Transits captured by sensitive space telescopes can not only help find new exoplanets, but they can also help reveal the composition of the distant planets' atmospheres! When an exoplanet passes in front of a star, the light of the star shines through the atmosphere of the planet. Scientists study this light using a technique called transmission spectroscopy to learn more about the chemical composition of the planet's atmosphere. Molecules like oxygen and water can be detected. Finding these molecules – and other possible signs of life known as biosignatures – is one of the key goals of the James Webb Space Telescope and the Canadian-led NEAT program.
Radial velocity method
A planet travels along its orbit because of the gravitational pull of its star. But did you know that stars also move slightly – or wobble – because of the gravitational effect of their planets?

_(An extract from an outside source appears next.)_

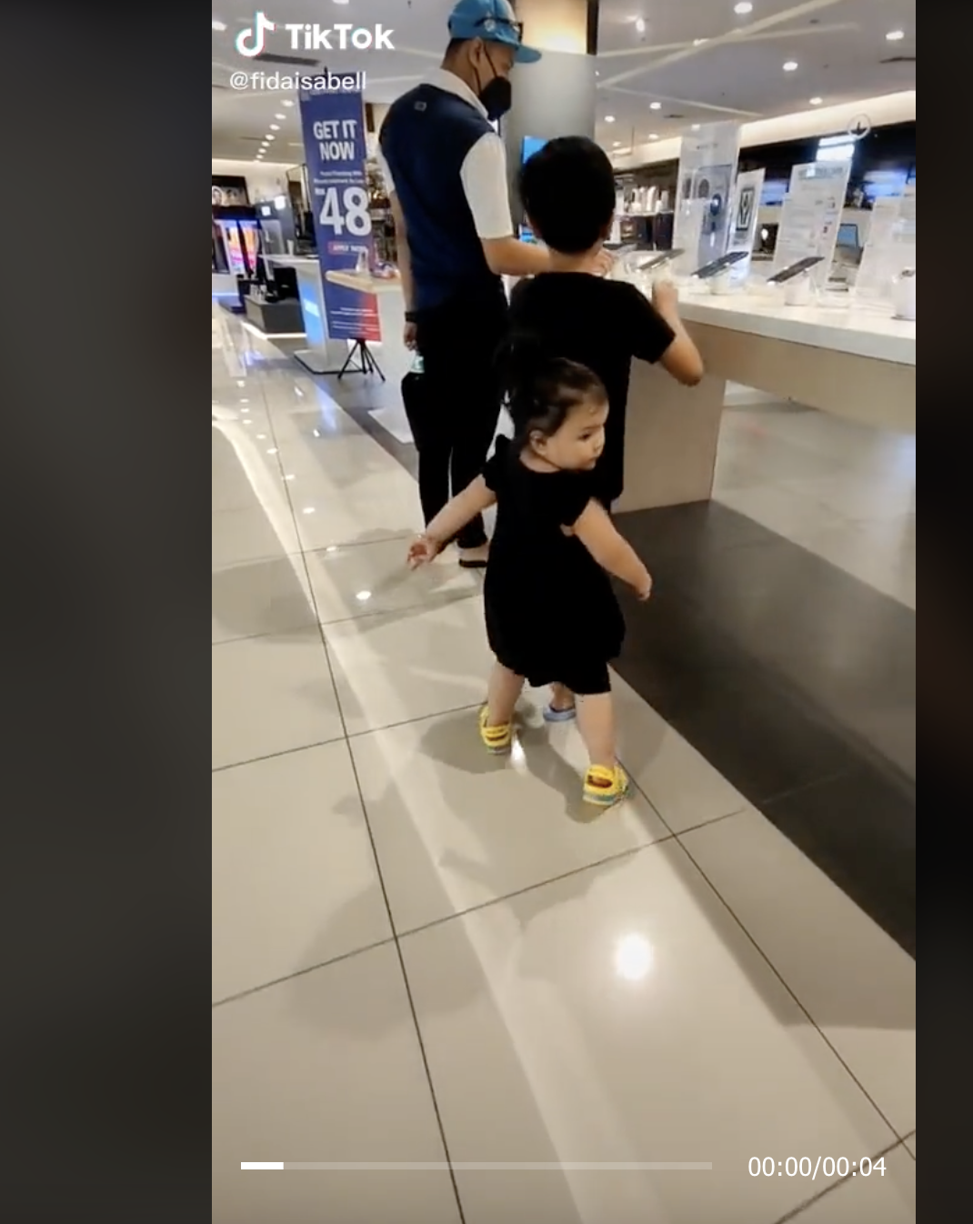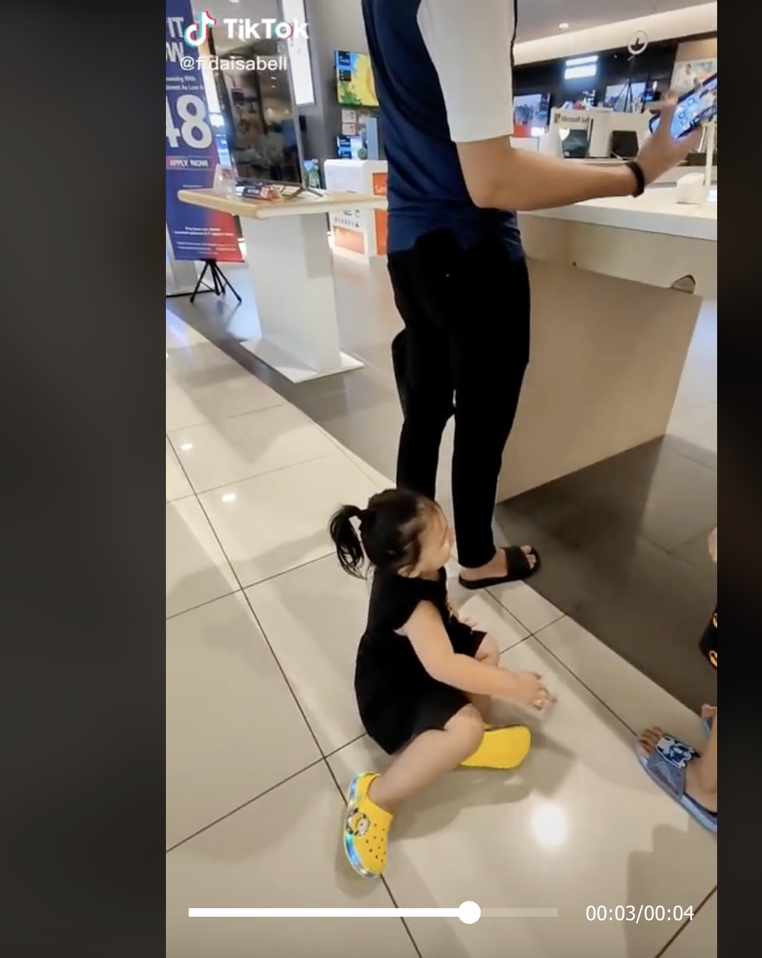 Menerusi video yang dikongsi oleh @fidaisabell, kelihatan seorang budak perempuan sedang berjalan tetapi tidak memandang hadapan.

A star's wobble is tiny compared to a planet's orbit since stars are so much bigger than planets. Despite this difference, instruments on modern telescopes are now sensitive enough to measure this wobble.
The first exoplanet ever detected around a Sun-like star, 51 Pegasi b, was discovered using the radial velocity method in . Here's how it works: as a star wobbles, moving towards and away from the observing telescope due to the presence of one or many planets, the light it emits is affected. Scientists can calculate how fast a star is wobbling by measuring the intensity of the Doppler effect – the stretching and compression of lightwaves. The faster the wobble, the bigger and closer the planet orbiting the star!
Have you ever noticed that an ambulance sounds different depending on whether it is getting closer to you or farther away from you? This phenomenon is known as the Doppler effect. As the ambulance approaches, the soundwaves it creates are compressed, creating a higher pitched sound. As the ambulance recedes, the soundwaves are stretched, lowering the pitch of the sound. The same effect also happens to light. An object emitting light will appear bluer when it is getting closer (as the lightwaves compress) and redder when it's getting farther away (as the lightwaves stretch). These effects are known as blueshift and redshift.
The radial velocity method has Canadian roots! In the 1980s, a team of Canadian astronomers – Bruce Campbell, Gordon Walker and Stephenson Yang – pioneered the observational technique used to discover exoplanets based on radial velocity measurements.
Direct imaging
It is extremely difficult (but not impossible!) to take direct images of planets outside our solar system. Their extreme distance from Earth and tiny size (in relation to their host star) means that exoplanets are very hard to capture, especially in the kind of high-resolution we are now used to seeing the planets and asteroids within our own solar system.
To directly image an exoplanetary system, scientists block out the central star to prevent its glare from drowning out the planets. Direct imaging is easier if the planets are relatively far away from their star, or if the whole system is young, as young planets are brighter and easier to spot. Astronomers have even been able to directly observe planets as they are being formed!
The challenges of direct imaging – distance, glare, some planets' small size – mean that most of the images of exoplanets in popular media are artists' concepts of what the distant worlds might look like. Scientists have only been able to directly image a handful of exoplanets; in , a team of Canadian astronomers was the first to directly image a multi-planet system, the planets around star HR 8799.